Тут по лицу человека в гимнастерке пробежала гримаска и исчезла. Дальше он очень внимательно слушал разговор, и хотя пессимист говорил с мальчиком уверенно, даже допуская ласкательные интонации, тот, в гимнастерке, смотрел в курземскую ночь ненавидящим взглядом, и что-то его сильно беспокоило.
– Потерпи. Иди учиться. С твоими знаниями ты запросто закончишь любое их заведение для бестолковых кухаркиных отпрысков. Получи какую-нибудь незаметную специальность и мирно работай. Главное – ничего не бойся и жди. Я сам позабочусь, чтобы ты кончил курс в лучшем университете Европы. Или Штатов. Полагаю, что после всей этой передряги я окажусь именно в Штатах. Так что теперь твоя главная работа – ждать. И оставлять ключ под окошком. Тот, кто придет к тебе, сам возьмет его. Или спросит о нем. И передаст тебе от меня привет.
– Я все знаю, – перебил мальчик, – это был наш запасной вариант, если бы мы не встретились в Торнякалнсе, или я вообще не смог выйти из города.
– Придется пустить его в ход теперь. Здесь мы расстанемся.
Они остановились.
– Без сантиментов, мы не гимназистки, – сказал пессимист. – Мужчины расстаются только так – молча. Погляди мне в глаза. И запомни – я не сдался. Мы с тобой слишком умны, чтобы так просто сдаваться. Мы подождем, переждем, а потом начнем действовать.
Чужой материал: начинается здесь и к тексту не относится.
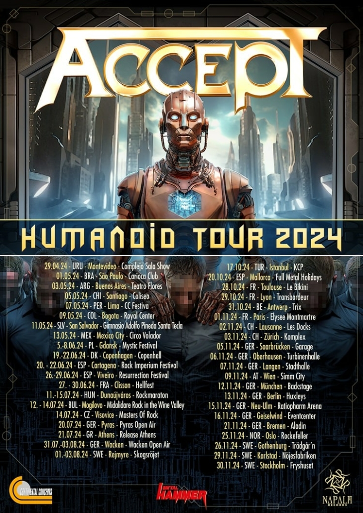 Together with the album announcement, ACCEPT has also revealed a massive European headline tour with more than 20 shows across the continent for autumn 2024! This summer, ACCEPT will also return to some of the world’s most important rock and metal festivals, like Wacken Open Air, Hellfest and more, following their South American spring tour. Make sure to secure your tickets and check out the cover artwork for Humanoid below!

А теперь иди. И не оборачивайся.
– Я буду ждать.
– Я постараюсь, чтобы ты ждал не слишком долго. Иди.
Мальчик резко повернулся и зашагал назад.
Человек в гимнастерке напрягся и привстал за столом.
Мальчик удалялся. Его спина в светлой куртке маячила на темной дороге. И я угадала мысль того, в гимнастерке: эта худая мальчишеская спина была сейчас превосходной мишенью, а о том, что пессимист был метким стрелком и сейчас имел при себе оружие, я, кажется, знала изначально…
Но мальчик удалялся, и с каждым шагом гроза, нависшая над ним, как будто таяла… Местность во сне вдруг изменилась. Дорога обрела поворот. Возникли и прошлогодние стога на лугу, и заросли орешника – словом, мальчику было где скрыться. И тут оттуда, где, как я знала, остались оптимист с пессимистом, вдруг раздался выстрел.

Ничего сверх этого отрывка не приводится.